You've had surgery to take out your tumor, and your surgeon says all the cancer was removed. Yet, you've been referred to another doctor to consider more treatment — called adjuvant therapy. You may wonder why you need additional treatment when your cancer has already been removed.
Even if it seems your surgery was successful, there may be a chance that your cancer could return. Depending on your specific case, you may benefit from adjuvant therapy, since this additional treatment may reduce the risk that your cancer will return.
Adjuvant therapy is used after primary treatments, such as surgery or radiation. But the added benefit of adjuvant therapy doesn't come without a price — the side effects can be more than minor inconveniences.
Not everyone benefits from adjuvant therapy. Work with your doctor to determine if adjuvant therapy is right for you.
Which treatments are used as adjuvant therapies?
Types of cancer treatment that are used as adjuvant therapy include:
- Chemotherapy. Chemotherapy uses drugs to kill cancer cells. Chemotherapy treats the entire body, killing cancer cells, no matter where they may be located. Adjuvant chemotherapy isn't helpful in all situations, so talk to your doctor about whether this treatment is right for you.
- Hormone therapy.

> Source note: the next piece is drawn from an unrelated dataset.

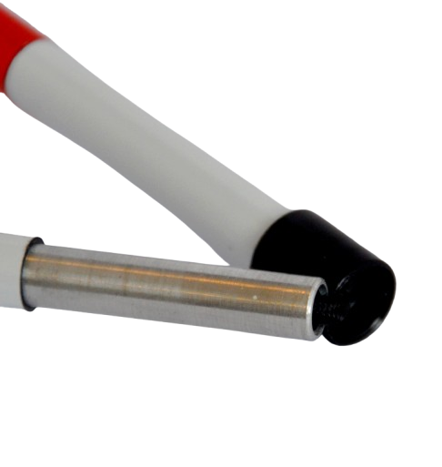 Ambutech markeringsstok kommer som standard med en “kridtspids” – dvs. en hvid afrundet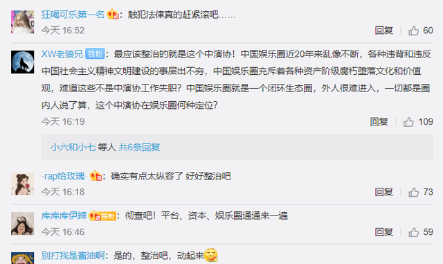 @XW老狼兄:最应该整治的就是这个中演协!中国娱乐圈近20年来乱像不断,各种违背和违反中国社会主义精神文明建设的事层出不穷,中国娱乐圈充斥着各种资产阶级腐朽堕落文化和价值观,难道这些不是中演协工作失职?中国娱乐圈就是一个闭环生态圈,外人很难进入,一切都是圈内人说了算,这个中演协在娱乐圈何种定位?

Some cancers are sensitive to hormones. For these cancers, treatments to stop hormone production in your body or block the effect of hormones on your cancer may be helpful. Cancers that are commonly hormone sensitive include breast, uterine and prostate cancers. Your cancer will be analyzed to see if it's hormone sensitive. If it is, you might benefit from hormone therapy. Hormone therapy can be used in conjunction with surgery, radiation or chemotherapy.
- Radiation therapy. Radiation therapy uses high-powered energy beams, such as X-rays, to kill cancer cells. Radiation therapy can be given internally or externally. Adjuvant radiation therapy focuses on the area around the original cancer site to reduce the risk that cancer will recur in that area.
- Immunotherapy. Immunotherapy works with your body's own immune system to fight off remaining cancer cells. Immunotherapy treatment can either stimulate your body's own defenses or supplement them.
- Targeted therapy. Targeted therapy aims to alter specific abnormalities present within cancer cells. For example, women with a type of breast cancer that makes too much of a protein called human growth factor receptor 2 (HER2) may choose a targeted therapy drug that blocks the action of that specific protein. These medications target the specific protein within those cancer cells. More targeted therapies are under development and may one day be available for use as adjuvant therapy.
How effective is adjuvant therapy?
Because none of these treatments is completely harmless, it's important to determine the risks of adjuvant therapy versus the benefits. The following factors can help you and your doctor determine whether adjuvant therapy is appropriate for you and, if so, which type:
- Type of cancer. Treating certain types of cancer with adjuvant therapy can be very beneficial. Examples include breast cancer and colon cancer. For some other types of cancer, there might not be a benefit.
- Stage of cancer. A cancer's stage refers to the extent of the cancer. If the cancer is at a very early stage — before it has had time to spread — then the chance of cancer recurring after surgery may be very small. Adjuvant therapy may offer little benefit in this case. If cancer is at a later stage — if it is a large tumor or if the cancer has spread to nearby lymph nodes — then the chance that cancer will reappear sometime in the future is much greater. Adjuvant therapy may be more beneficial in this case.
- Number of lymph nodes involved. The more lymph nodes involved, the greater the chance that cancer cells will be left behind after local therapy, such as surgery.
- Hormone receptivity. Hormone therapy won't be effective if your tumor is not hormonally sensitive.
- Other cancer-specific changes. Certain cancers may have specific changes within their cells that indicate they are particularly sensitive to adjuvant therapy. Your doctor may request special testing of your cancer cells to determine if adjuvant therapy would be beneficial.
Receiving adjuvant therapy doesn't guarantee your cancer won't recur. It can, however, help reduce the risk that your cancer will come back.
Is adjuvant therapy for you?
As you're deciding whether adjuvant therapy is right for you, you might want to discuss the following issues with your doctor:
- What procedures are you considering? Find out exactly what will be expected of you during adjuvant therapy. Will you have to see your doctor for injections or will you take pills at home?
- What are the side effects? What side effects are you willing to live with? Which ones will be too much for you to tolerate? Do you plan to work or stay active during treatment? Could side effects interfere with your plans?
- What are the chances you'll stay cancer-free? Understand how likely it is that your cancer will return if you decide against further therapy and how much improvement you might experience if you do undergo additional therapy. Your doctor can estimate how well your treatment will work based on comparisons with data from studies of other people with your same type of cancer, at the same stage and given the same treatment.
Together you and your doctor can weigh these factors and decide whether the benefits of adjuvant therapy outweigh the risks for you.